Prove $|\prod_{i=1}^n a_i - a_n^n|\leq 2n\delta$ if $0 \leq a_i \leq 1$ and $|a_i - a_{i+1}| \leq \delta$

Question

How to prove the following?

If $0 \leq a_i \leq 1$ and $|a_i - a_{i+1}| \leq \delta$ for all $i<n$, then $$\Big|\prod_{i=1}^n a_i - a_n^n \Big| \leq 2n\delta.$$

I have run numerical experiments and it seems the above is true.

Answer 1

The proposition is false. Take $a_1 = \frac{1}{2},\ a_2 = \frac{1}{2},\ n=2, \delta = 0,$ so that the condition $|a_i - a_{i+1}| \leq \delta$ for all $i<2$ is satisfied.

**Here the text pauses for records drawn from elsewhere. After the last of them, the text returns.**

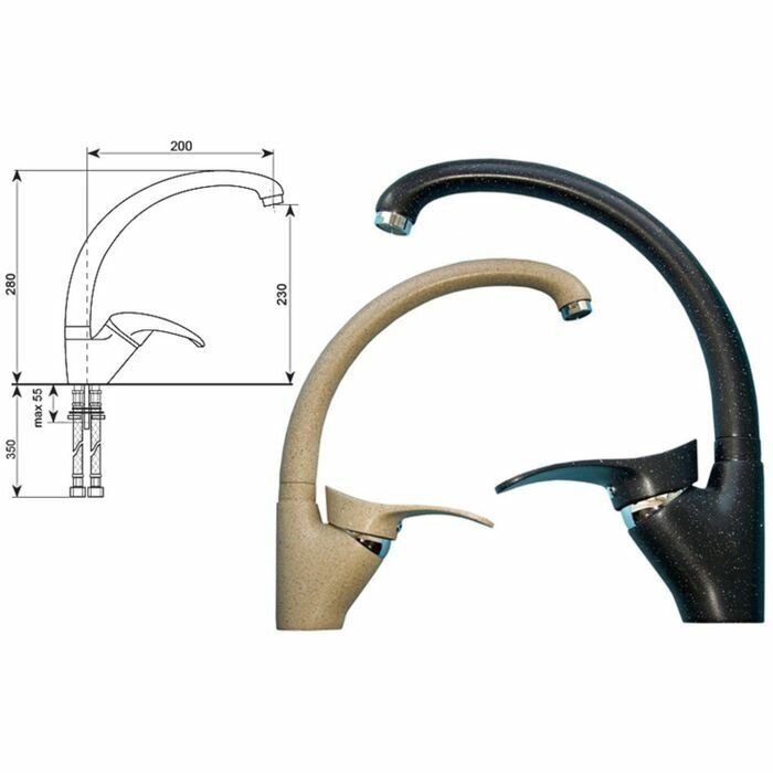 Смеситель Ulgran U-001 (328) бежевый, для кухонной мойки 7 277 ₽ Подробнее
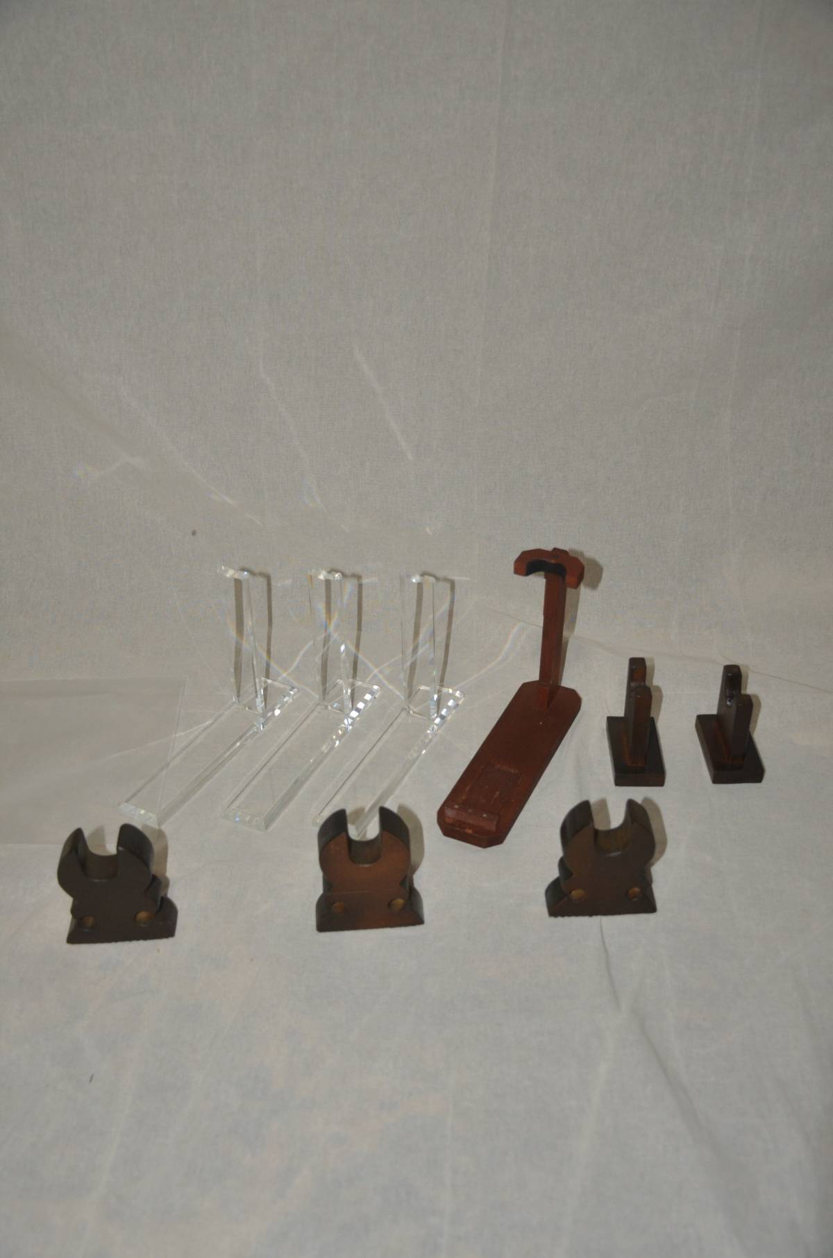 モデルガンの置き台と思われます。御依頼品なので、模型用の可能性もあります。アクリル製の物は、台部4センチ×15センチ×高さ5センチです。ただ、グリップの滑り止めが無いのと、上部の幅が1センチしか無いので、模型用の可能性もあります。可能性として、SAAの可能性もありますが、不明です。3点あります。木製の台部5.5センチ×21センチ×高さ16センチです。上部の幅3センチです。木製の置き台は、台部7.5センチ×4センチ×高さ7.5センチです。上部の幅3センチです。2個です。木製の台部7.5センチ×2.5センチ×高さ9.5センチです。上部の幅2.5センチです。3個です。合計9個一括です。本文下の追加写真もご覧ください。ヤマト運輸宅急便で、全国一律700円でお送りさせていただきます。
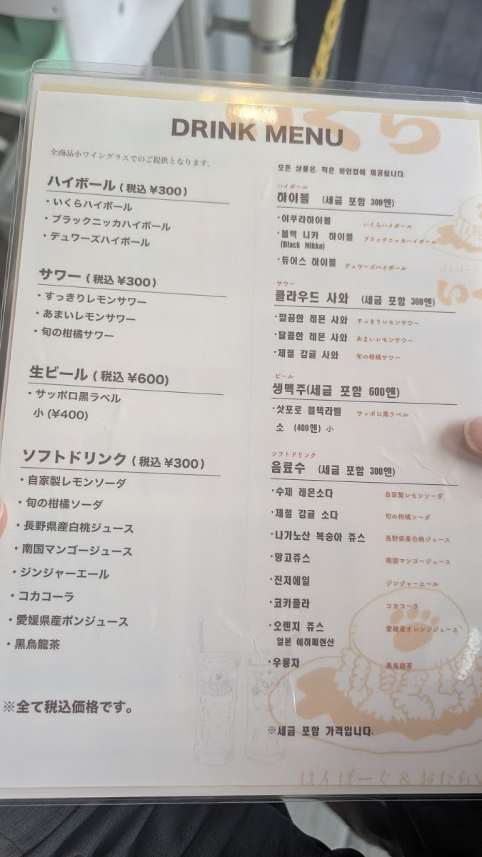 Typical highlights include dishes like okonomiyaki, savory grilled options such as hamburger omelette with demi-glaze, and the uniquely satisfying ikura (salmon roe) fried rice. For those seeking lighter tastes or something a bit different, there are refreshing sours and highballs that complement the savory fare, suitable for unwinding after a long day.
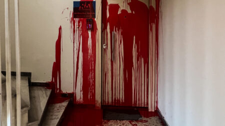 Σύμφωνα με το tempo24 οι άγνωστοι προκάλεσαν φθορές πετώντας μπογιές στην είσοδο.
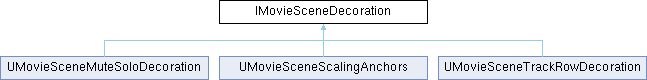 Inheritance diagram for IMovieSceneDecoration:Public Member Functions | |
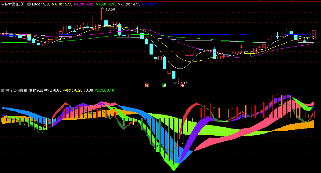 当然,投资股市并非一蹴而就的事情,需要投资者结合多种因素进行综合分析。在利用通达信捕捉底部良机副图指标进行投资决策时,投资者还应关注市场的基本面、技术面以及宏观经济环境等多方面因素,以确保投资的安全和有效性。
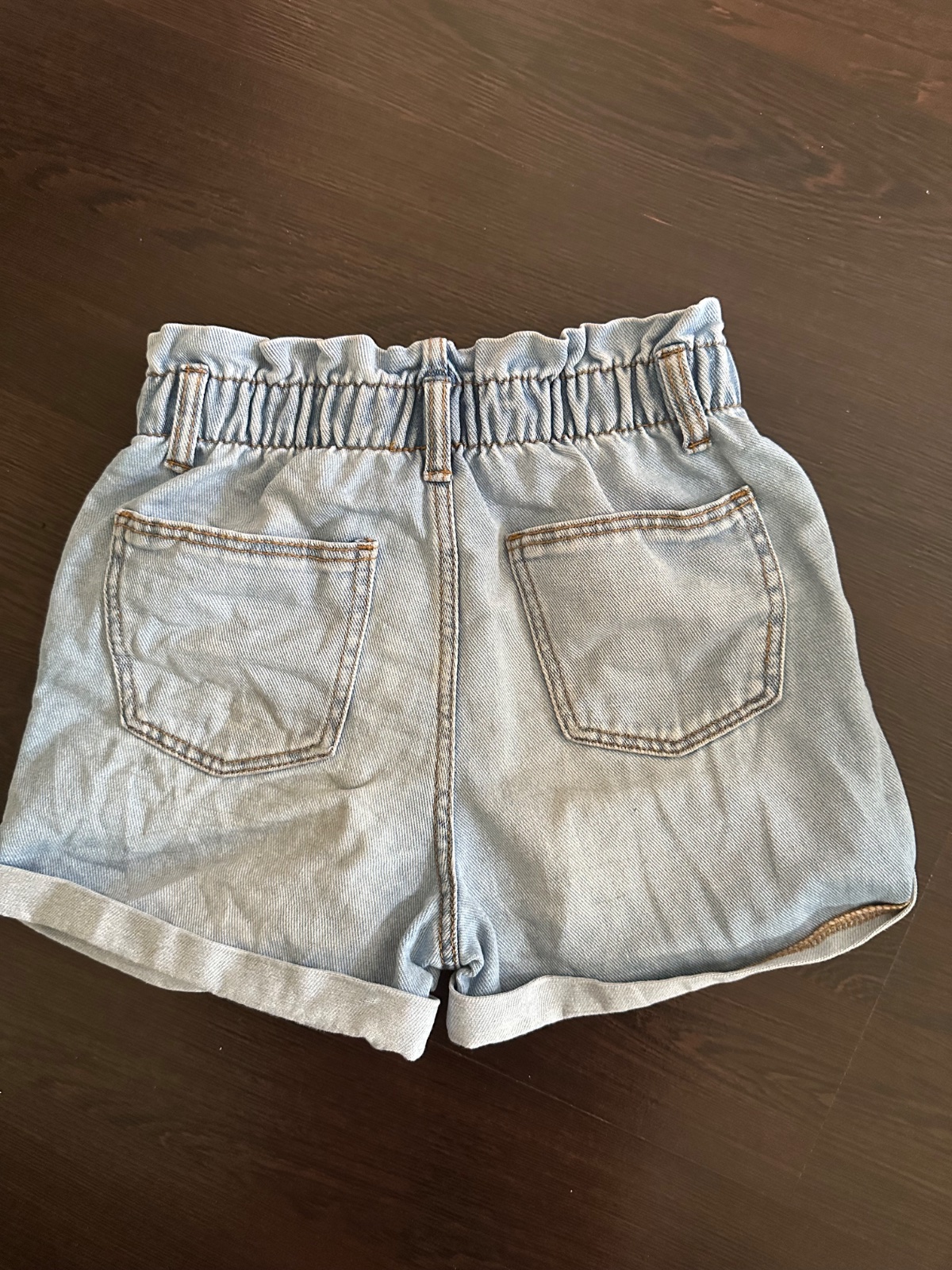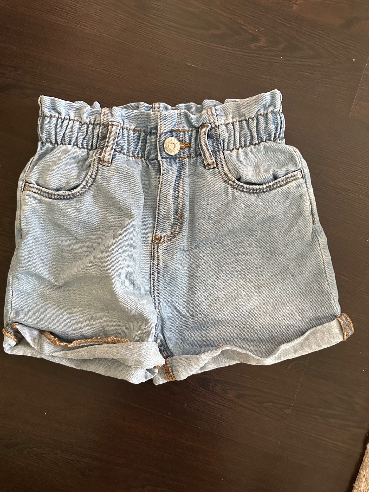 Top stav, Krásne riflové šortky s výšivkou kvetiny. Pár glitríkov.

Then, $$ \Big|\prod_{i=1}^n a_i - a_n^n \Big| = \big\vert a_1 - a_2^2 \big\vert\ \cdot\ \big\vert a_2 - a_2^2 \big\vert = \Bigg\vert \frac{1}{2} - \left(\frac{1}{2}\right)^2 \Bigg \vert\ \cdot\ \Bigg\vert \frac{1}{2} - \left(\frac{1}{2}\right)^2 \Bigg\vert = \frac{1}{4}\cdot \frac{1}{4} \not\leq 2\cdot 2\cdot 0 = 0.$$